What is portfolio rebalancing?

In simple terms, portfolio rebalancing is the exercise of bringing your investments into alignment with the vision you have for your long-term investment strategy. It ensures that your portfolio’s asset allocation appropriately reflects your current risk tolerance and financial goals.

Why should you rebalance your portfolio?

Portfolio rebalancing is necessary because, over time, each asset class behaves distinctly. Stocks may hit record highs, for example, or the value of your bonds may plateau. As such, if your portfolio is left unattended, it may evolve into a different risk profile than you planned for. As a result, you might find your portfolio is riskier than you are comfortable with, or you could find it lacking the return potential necessary to meet your financial goals.

How does rebalancing work?

Rebalancing acts as a counterbalance to the movement in the markets and can bring your portfolio back in line with your investment strategy. For example:

  • When stocks are falling in value, your portfolio could become overweight in other assets, such as cash. This could change the overall risk profile of your portfolio. Rebalancing could mean moving money out of less risky assets, like cash, and adding to your portfolio’s stock exposure, which may boost performance when markets change.
  • When stocks are rising in value, your portfolio could start to carry more equity assets, increasing overall risk. Rebalancing could mean taking profits (selling some of your stock investments to reap gains along the way) and redeploying those dollars into positions that are perceived to be less risky, like bonds or cash.

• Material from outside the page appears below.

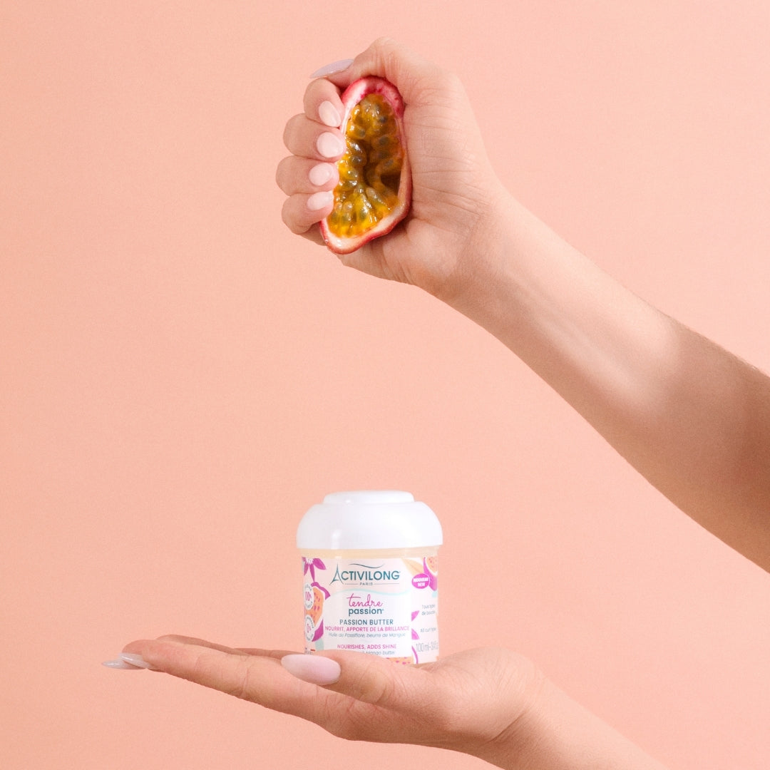Le passion butter ACTIVILONG Tendre Passion nourrit intensément les cheveux secs et fragiles. Ce beurre capillaire aide à sceller l’hydratation et apporte douceur et brillance aux cheveux bouclés et frisés.

While many investors’ instincts are to sideline assets when markets are rough — or become more aggressive when markets are good — portfolio rebalancing helps manage emotions spurred by market swings. It also helps avoid impulsive decisions that can derail progress toward your goals. And while timing the market is not possible, rebalancing can help investors buy when asset prices are lower, as well as sell when asset prices are higher.

How often should you rebalance your portfolio?

There are no specific rules around how often to rebalance. However, it’s key that you’re reviewing your risk tolerance on an ongoing basis and that your portfolio stays invested in an allocation you are comfortable with and meets your needs.

Here are some common rebalancing approaches to consider:

  • Some investors rebalance on a predetermined schedule, such as annually or quarterly.
  • Others choose to rebalance when asset weightings exceed a threshold, such as +/- 10% from their strategic target.
  • Others combine the first two approaches, checking their account on a schedule and only making changes if they exceed a threshold.

Advice spotlight

Schedule an annual review with your Ameriprise financial advisor to determine whether rebalancing is needed. During this regular touchpoint, they can help you reflect on your risk tolerance and financial goals, and determine whether any tactical adjustments to your portfolio are advisable in light of any recent life changes.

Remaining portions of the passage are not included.